===== Dataset excerpts
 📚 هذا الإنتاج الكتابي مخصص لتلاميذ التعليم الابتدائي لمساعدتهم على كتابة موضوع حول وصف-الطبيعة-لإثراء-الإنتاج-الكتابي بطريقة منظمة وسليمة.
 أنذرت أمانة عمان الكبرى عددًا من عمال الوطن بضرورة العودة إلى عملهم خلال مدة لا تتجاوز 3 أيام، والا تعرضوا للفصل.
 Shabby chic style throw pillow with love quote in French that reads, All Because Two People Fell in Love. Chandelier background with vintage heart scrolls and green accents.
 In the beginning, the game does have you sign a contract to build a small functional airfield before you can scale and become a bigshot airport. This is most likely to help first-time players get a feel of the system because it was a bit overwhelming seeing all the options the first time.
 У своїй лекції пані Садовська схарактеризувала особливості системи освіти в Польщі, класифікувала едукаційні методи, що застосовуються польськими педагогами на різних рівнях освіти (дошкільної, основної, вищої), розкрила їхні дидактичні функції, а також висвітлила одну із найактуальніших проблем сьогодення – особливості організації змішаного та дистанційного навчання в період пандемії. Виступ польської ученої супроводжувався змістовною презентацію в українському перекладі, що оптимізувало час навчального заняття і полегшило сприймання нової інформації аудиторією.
==========
Task to complete: An exact copy of every line above is needed.

Output for this exercise:
 📚 هذا الإنتاج الكتابي مخصص لتلاميذ التعليم الابتدائي لمساعدتهم على كتابة موضوع حول وصف-الطبيعة-لإثراء-الإنتاج-الكتابي بطريقة منظمة وسليمة.
 أنذرت أمانة عمان الكبرى عددًا من عمال الوطن بضرورة العودة إلى عملهم خلال مدة لا تتجاوز 3 أيام، والا تعرضوا للفصل.
 Shabby chic style throw pillow with love quote in French that reads, All Because Two People Fell in Love. Chandelier background with vintage heart scrolls and green accents.
 In the beginning, the game does have you sign a contract to build a small functional airfield before you can scale and become a bigshot airport. This is most likely to help first-time players get a feel of the system because it was a bit overwhelming seeing all the options the first time.
 У своїй лекції пані Садовська схарактеризувала особливості системи освіти в Польщі, класифікувала едукаційні методи, що застосовуються польськими педагогами на різних рівнях освіти (дошкільної, основної, вищої), розкрила їхні дидактичні функції, а також висвітлила одну із найактуальніших проблем сьогодення – особливості організації змішаного та дистанційного навчання в період пандемії. Виступ польської ученої супроводжувався змістовною презентацію в українському перекладі, що оптимізувало час навчального заняття і полегшило сприймання нової інформації аудиторією.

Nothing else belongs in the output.